PROBLEM REQUIREMENTS: Look through the entries below and copy exactly the part that begins with the line containing "Configuration for CPAP" and ends with the line containing "Judges at work". Do not copy the pictures.
-- EXCERPTED RECORDS follows --
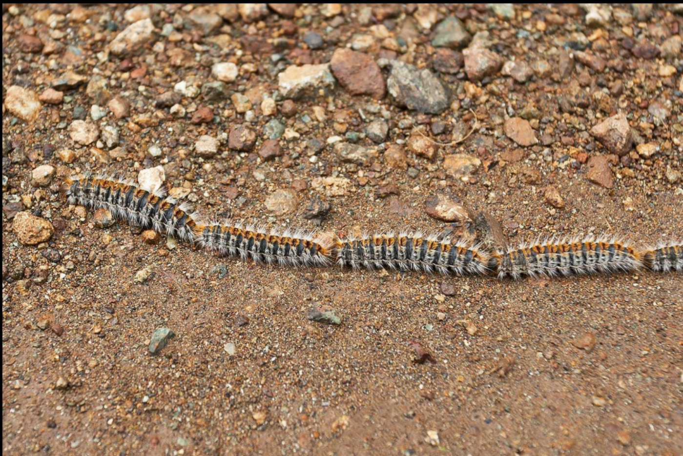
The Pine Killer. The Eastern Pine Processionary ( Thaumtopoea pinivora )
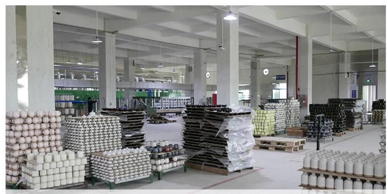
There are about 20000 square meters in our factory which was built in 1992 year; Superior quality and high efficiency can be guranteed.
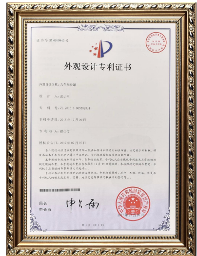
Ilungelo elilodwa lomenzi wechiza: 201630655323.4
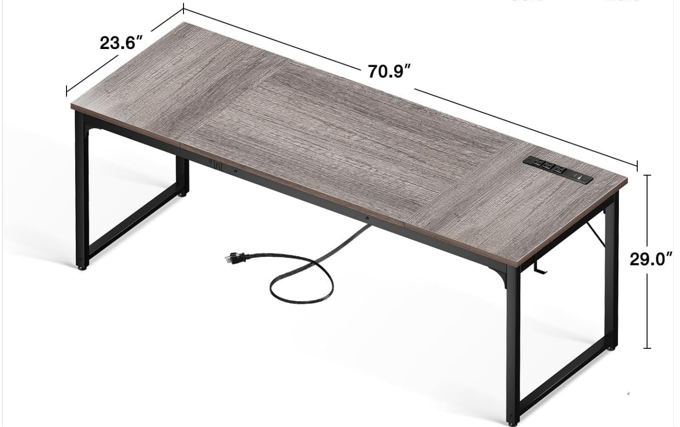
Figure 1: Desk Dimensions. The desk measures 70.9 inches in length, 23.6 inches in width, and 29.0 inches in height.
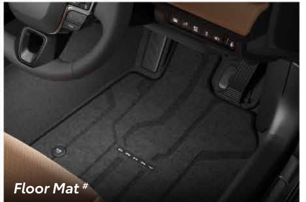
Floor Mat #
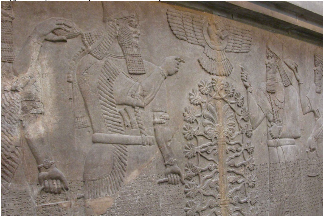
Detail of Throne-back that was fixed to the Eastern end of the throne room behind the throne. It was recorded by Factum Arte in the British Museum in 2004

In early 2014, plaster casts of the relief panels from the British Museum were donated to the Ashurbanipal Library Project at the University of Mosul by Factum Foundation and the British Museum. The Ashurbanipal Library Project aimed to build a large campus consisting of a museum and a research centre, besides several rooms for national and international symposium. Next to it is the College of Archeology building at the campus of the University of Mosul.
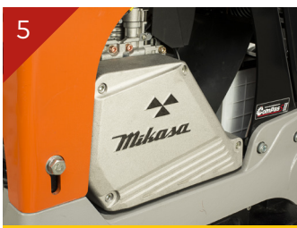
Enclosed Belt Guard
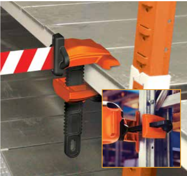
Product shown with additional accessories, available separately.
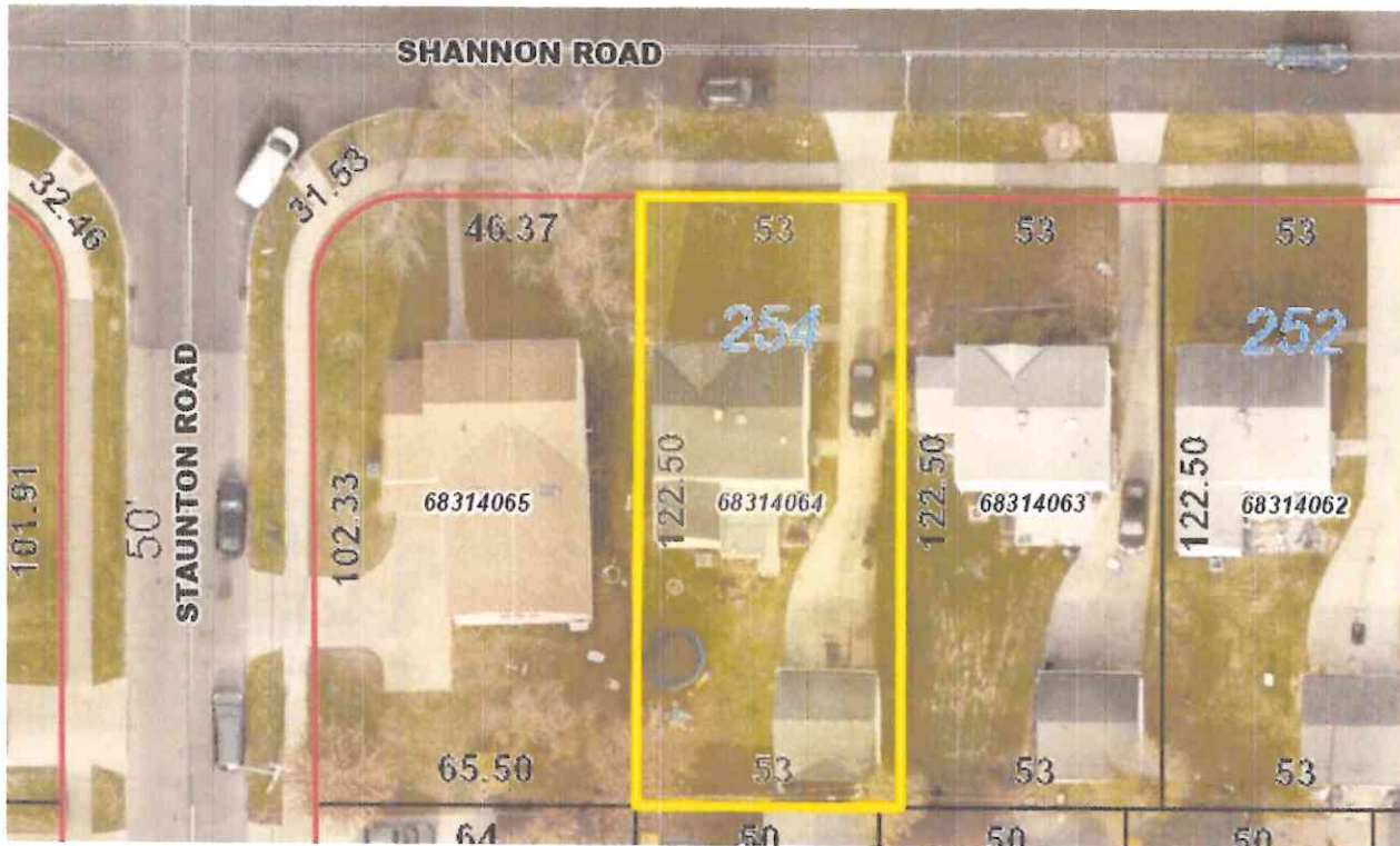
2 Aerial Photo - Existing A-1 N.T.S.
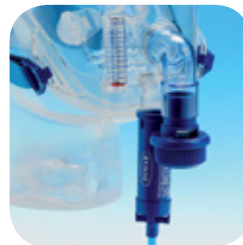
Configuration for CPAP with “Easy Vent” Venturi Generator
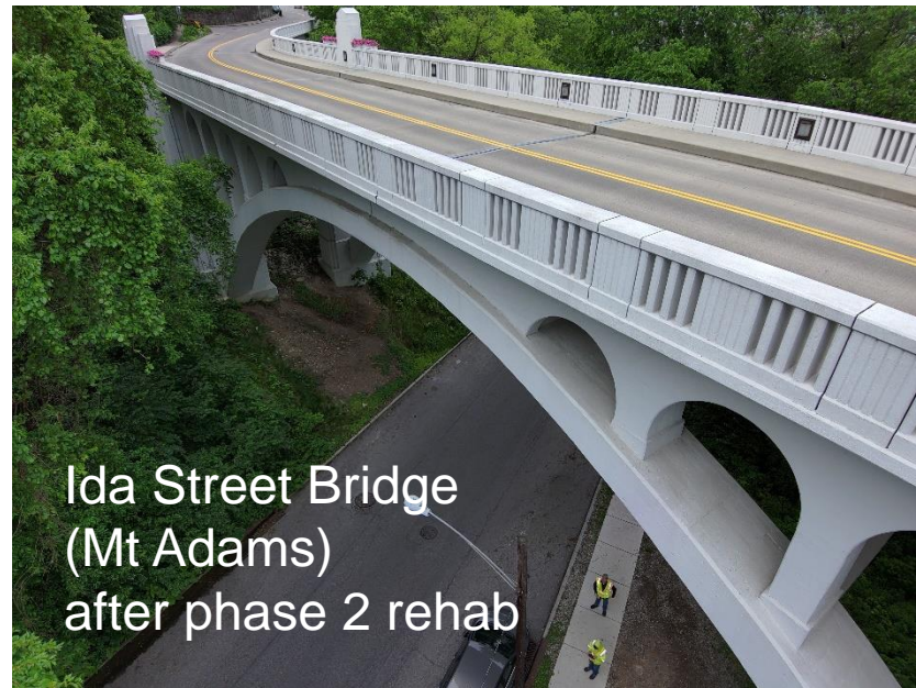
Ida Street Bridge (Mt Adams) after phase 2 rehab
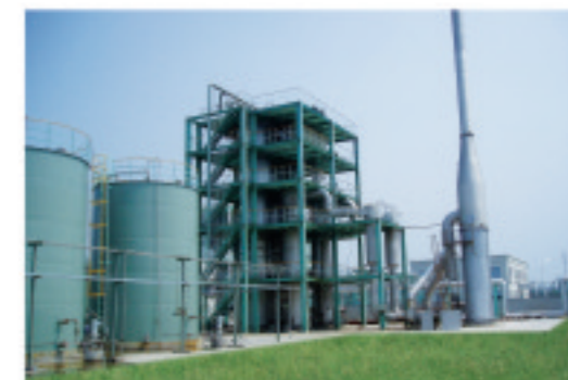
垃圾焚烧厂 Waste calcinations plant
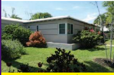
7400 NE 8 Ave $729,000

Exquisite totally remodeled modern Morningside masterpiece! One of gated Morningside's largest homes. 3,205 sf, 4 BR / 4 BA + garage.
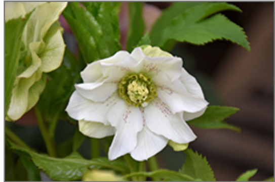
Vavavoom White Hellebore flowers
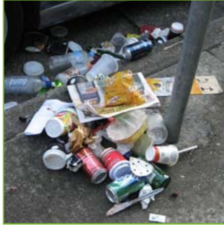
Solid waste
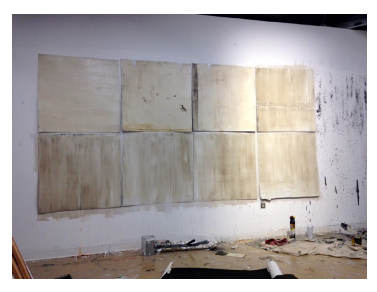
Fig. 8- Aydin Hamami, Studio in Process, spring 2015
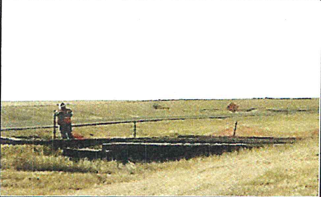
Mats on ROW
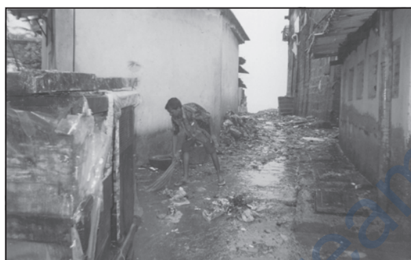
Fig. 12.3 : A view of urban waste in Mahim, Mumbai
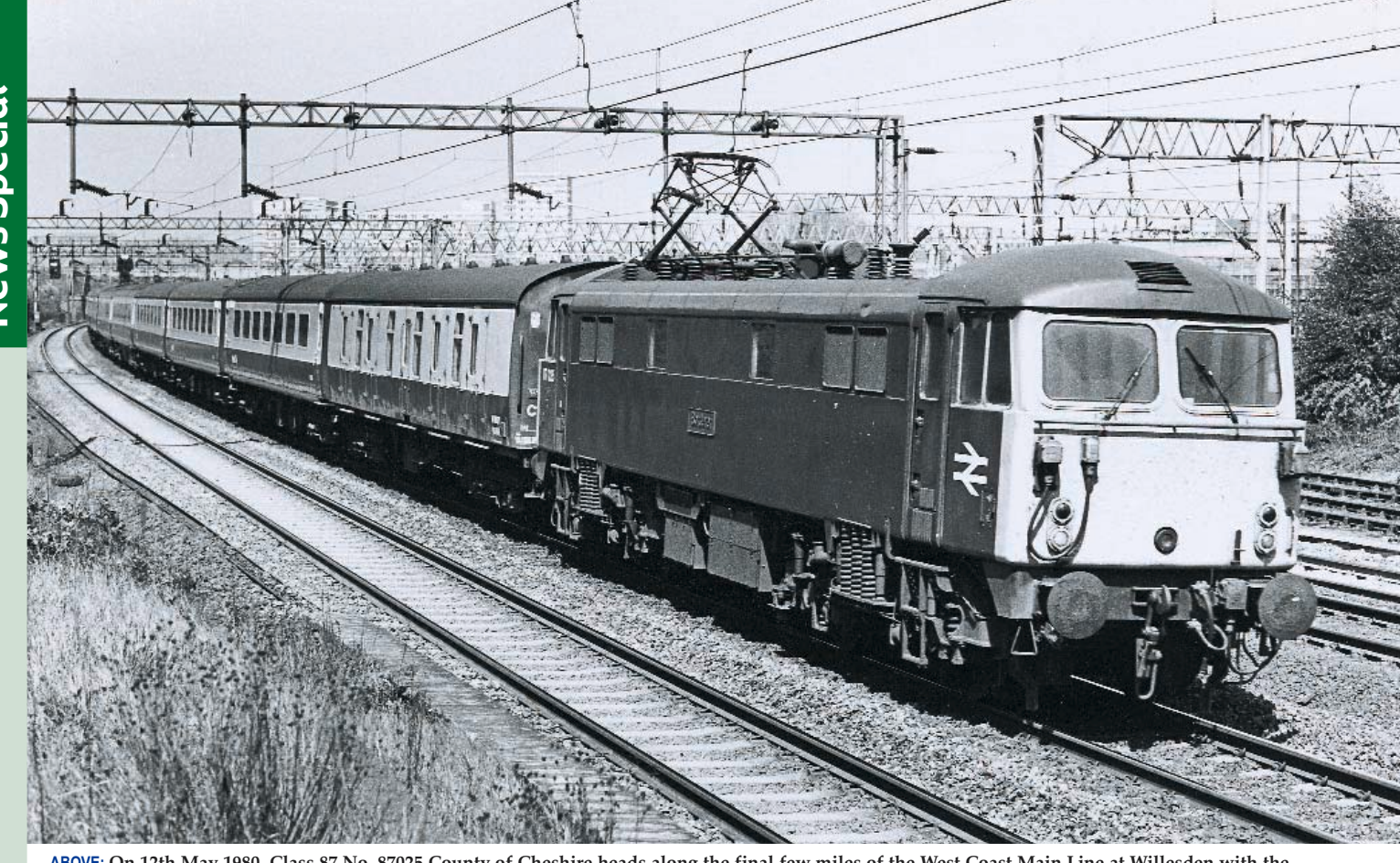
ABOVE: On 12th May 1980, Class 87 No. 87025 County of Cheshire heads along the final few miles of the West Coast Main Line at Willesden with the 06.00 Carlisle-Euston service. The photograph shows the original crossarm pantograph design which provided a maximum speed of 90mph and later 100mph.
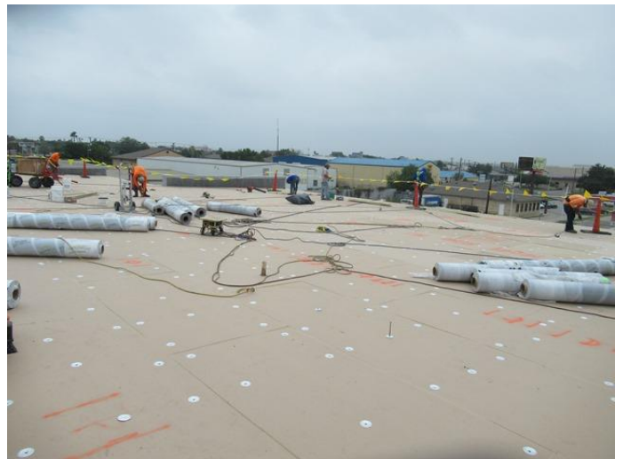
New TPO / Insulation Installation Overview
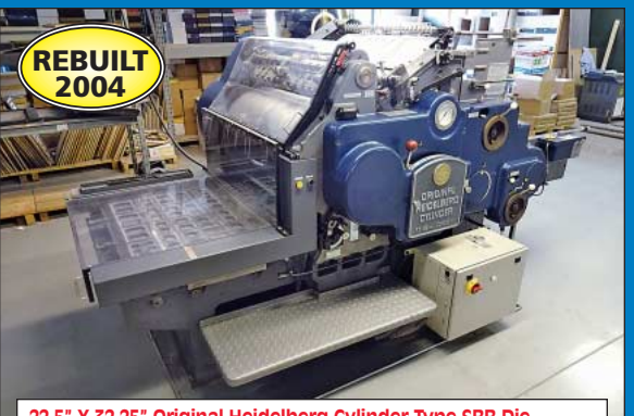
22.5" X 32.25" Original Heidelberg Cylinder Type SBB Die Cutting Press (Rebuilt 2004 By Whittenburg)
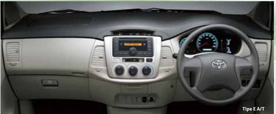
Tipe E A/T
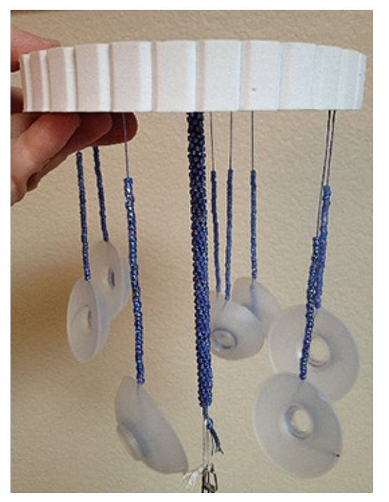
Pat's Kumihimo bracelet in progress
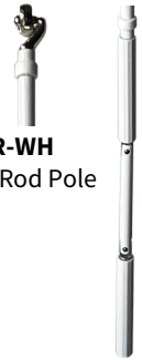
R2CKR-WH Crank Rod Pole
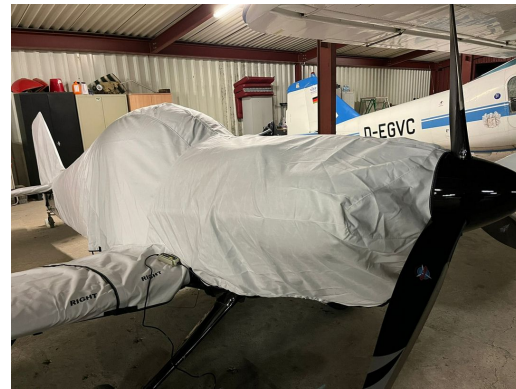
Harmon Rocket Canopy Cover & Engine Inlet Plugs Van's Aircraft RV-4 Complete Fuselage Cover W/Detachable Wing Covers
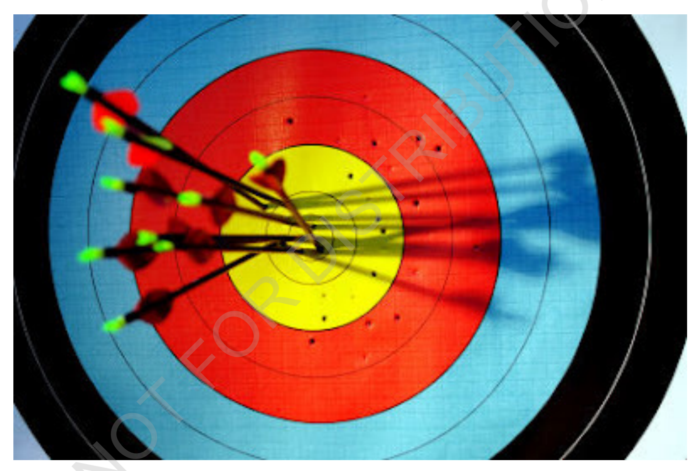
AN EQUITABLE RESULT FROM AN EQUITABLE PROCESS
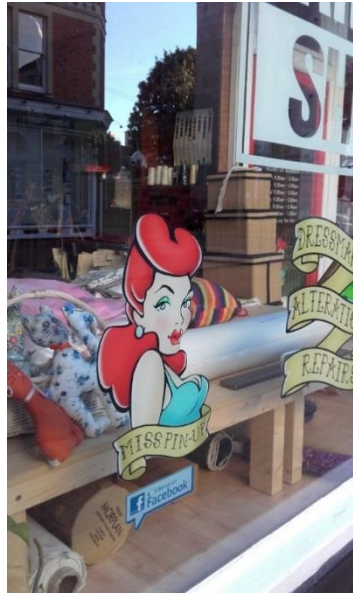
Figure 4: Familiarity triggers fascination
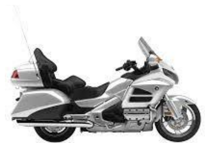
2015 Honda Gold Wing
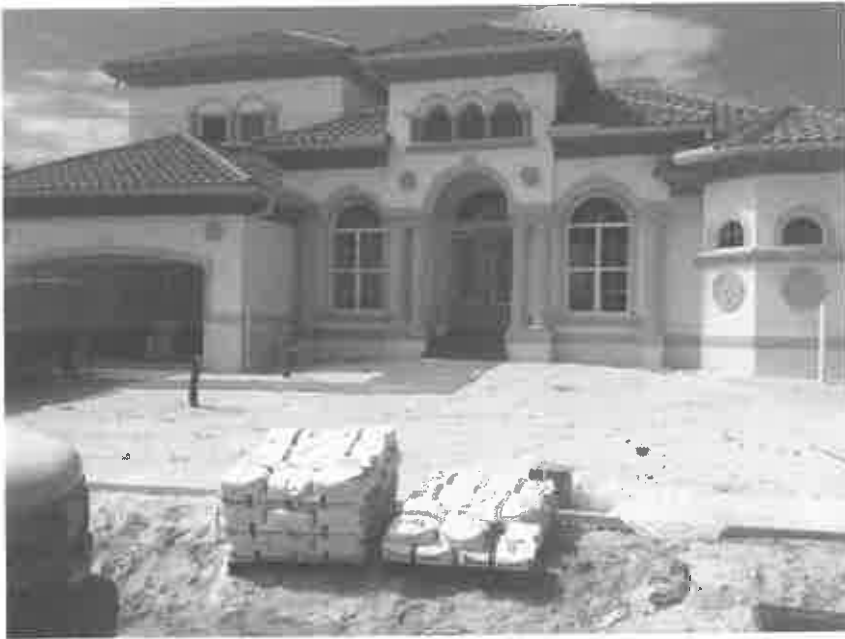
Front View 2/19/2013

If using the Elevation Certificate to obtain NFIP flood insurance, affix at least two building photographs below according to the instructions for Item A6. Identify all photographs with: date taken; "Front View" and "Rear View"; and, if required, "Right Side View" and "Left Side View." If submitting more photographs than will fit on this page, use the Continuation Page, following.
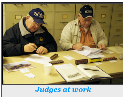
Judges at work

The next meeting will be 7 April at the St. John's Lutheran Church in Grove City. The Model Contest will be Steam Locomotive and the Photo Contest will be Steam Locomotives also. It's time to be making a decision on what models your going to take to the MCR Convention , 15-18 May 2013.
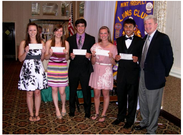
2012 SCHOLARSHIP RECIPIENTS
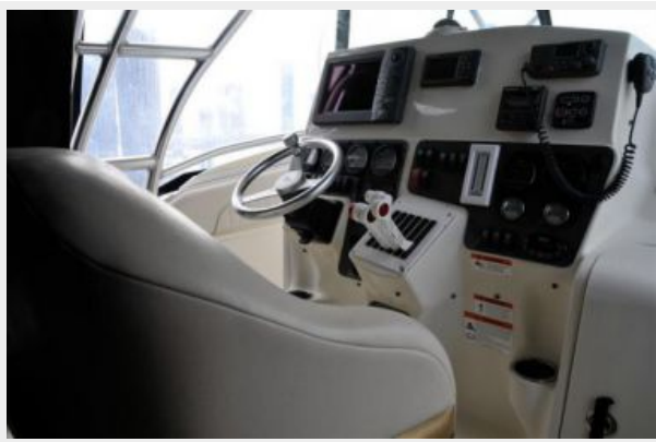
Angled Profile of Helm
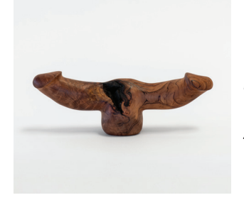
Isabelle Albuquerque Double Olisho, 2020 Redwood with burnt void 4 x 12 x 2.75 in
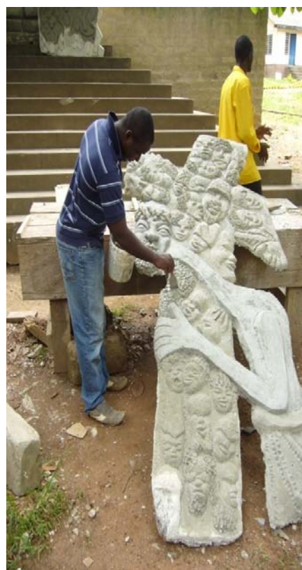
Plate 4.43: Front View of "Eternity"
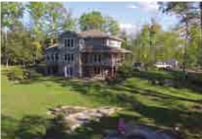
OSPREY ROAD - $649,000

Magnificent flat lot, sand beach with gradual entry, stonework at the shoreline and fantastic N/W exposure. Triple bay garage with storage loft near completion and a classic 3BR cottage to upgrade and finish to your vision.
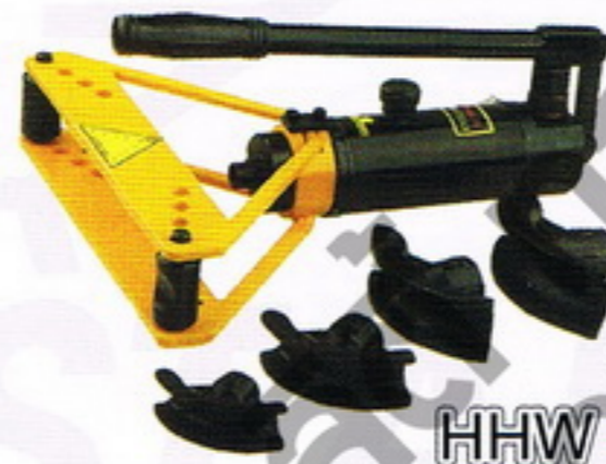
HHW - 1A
-- EXCERPTED RECORDS concluded --
REPLY TO THE TASK:
Configuration for CPAP with “Easy Vent” Venturi Generator
Ida Street Bridge (Mt Adams) after phase 2 rehab
垃圾焚烧厂 Waste calcinations plant
7400 NE 8 Ave $729,000

Exquisite totally remodeled modern Morningside masterpiece! One of gated Morningside's largest homes. 3,205 sf, 4 BR / 4 BA + garage.
Vavavoom White Hellebore flowers
Solid waste
Fig. 8- Aydin Hamami, Studio in Process, spring 2015
Mats on ROW
Fig. 12.3 : A view of urban waste in Mahim, Mumbai
ABOVE: On 12th May 1980, Class 87 No. 87025 County of Cheshire heads along the final few miles of the West Coast Main Line at Willesden with the 06.00 Carlisle-Euston service. The photograph shows the original crossarm pantograph design which provided a maximum speed of 90mph and later 100mph.
New TPO / Insulation Installation Overview
22.5" X 32.25" Original Heidelberg Cylinder Type SBB Die Cutting Press (Rebuilt 2004 By Whittenburg)
Tipe E A/T
Pat's Kumihimo bracelet in progress
R2CKR-WH Crank Rod Pole
Harmon Rocket Canopy Cover & Engine Inlet Plugs Van's Aircraft RV-4 Complete Fuselage Cover W/Detachable Wing Covers
AN EQUITABLE RESULT FROM AN EQUITABLE PROCESS
Figure 4: Familiarity triggers fascination
2015 Honda Gold Wing
Front View 2/19/2013

If using the Elevation Certificate to obtain NFIP flood insurance, affix at least two building photographs below according to the instructions for Item A6. Identify all photographs with: date taken; "Front View" and "Rear View"; and, if required, "Right Side View" and "Left Side View." If submitting more photographs than will fit on this page, use the Continuation Page, following.
Judges at work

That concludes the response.